Records excerpted from a collection:
====

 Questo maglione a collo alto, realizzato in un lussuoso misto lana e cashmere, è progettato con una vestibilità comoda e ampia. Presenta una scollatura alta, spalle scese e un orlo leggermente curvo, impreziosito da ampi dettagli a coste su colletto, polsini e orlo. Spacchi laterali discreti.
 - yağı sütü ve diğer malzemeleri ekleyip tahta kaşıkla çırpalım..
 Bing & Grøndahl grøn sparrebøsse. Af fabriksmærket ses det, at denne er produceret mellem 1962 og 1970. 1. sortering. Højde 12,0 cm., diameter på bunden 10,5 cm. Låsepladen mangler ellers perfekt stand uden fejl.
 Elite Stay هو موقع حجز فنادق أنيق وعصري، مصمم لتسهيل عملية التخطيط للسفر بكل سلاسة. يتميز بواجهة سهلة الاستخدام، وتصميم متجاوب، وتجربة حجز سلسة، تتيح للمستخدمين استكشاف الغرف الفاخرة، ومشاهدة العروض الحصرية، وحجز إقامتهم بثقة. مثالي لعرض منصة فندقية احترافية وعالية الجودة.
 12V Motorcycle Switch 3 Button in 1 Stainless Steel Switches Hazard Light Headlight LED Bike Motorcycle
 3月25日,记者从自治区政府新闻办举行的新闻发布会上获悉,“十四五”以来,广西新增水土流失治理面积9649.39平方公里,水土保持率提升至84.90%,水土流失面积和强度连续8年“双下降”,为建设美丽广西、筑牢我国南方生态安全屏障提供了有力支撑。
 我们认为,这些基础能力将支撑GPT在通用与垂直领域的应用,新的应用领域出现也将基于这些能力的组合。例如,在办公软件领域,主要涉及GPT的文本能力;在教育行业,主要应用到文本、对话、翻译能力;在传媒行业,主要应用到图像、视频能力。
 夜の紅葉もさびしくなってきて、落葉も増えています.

====

**EXERCISE OBJECTIVE:** Please quote every record above exactly as it appears.

**RESULT:**
 Questo maglione a collo alto, realizzato in un lussuoso misto lana e cashmere, è progettato con una vestibilità comoda e ampia. Presenta una scollatura alta, spalle scese e un orlo leggermente curvo, impreziosito da ampi dettagli a coste su colletto, polsini e orlo. Spacchi laterali discreti.
 - yağı sütü ve diğer malzemeleri ekleyip tahta kaşıkla çırpalım..
 Bing & Grøndahl grøn sparrebøsse. Af fabriksmærket ses det, at denne er produceret mellem 1962 og 1970. 1. sortering. Højde 12,0 cm., diameter på bunden 10,5 cm. Låsepladen mangler ellers perfekt stand uden fejl.
 Elite Stay هو موقع حجز فنادق أنيق وعصري، مصمم لتسهيل عملية التخطيط للسفر بكل سلاسة. يتميز بواجهة سهلة الاستخدام، وتصميم متجاوب، وتجربة حجز سلسة، تتيح للمستخدمين استكشاف الغرف الفاخرة، ومشاهدة العروض الحصرية، وحجز إقامتهم بثقة. مثالي لعرض منصة فندقية احترافية وعالية الجودة.
 12V Motorcycle Switch 3 Button in 1 Stainless Steel Switches Hazard Light Headlight LED Bike Motorcycle
 3月25日,记者从自治区政府新闻办举行的新闻发布会上获悉,“十四五”以来,广西新增水土流失治理面积9649.39平方公里,水土保持率提升至84.90%,水土流失面积和强度连续8年“双下降”,为建设美丽广西、筑牢我国南方生态安全屏障提供了有力支撑。
 我们认为,这些基础能力将支撑GPT在通用与垂直领域的应用,新的应用领域出现也将基于这些能力的组合。例如,在办公软件领域,主要涉及GPT的文本能力;在教育行业,主要应用到文本、对话、翻译能力;在传媒行业,主要应用到图像、视频能力。
 夜の紅葉もさびしくなってきて、落葉も増えています.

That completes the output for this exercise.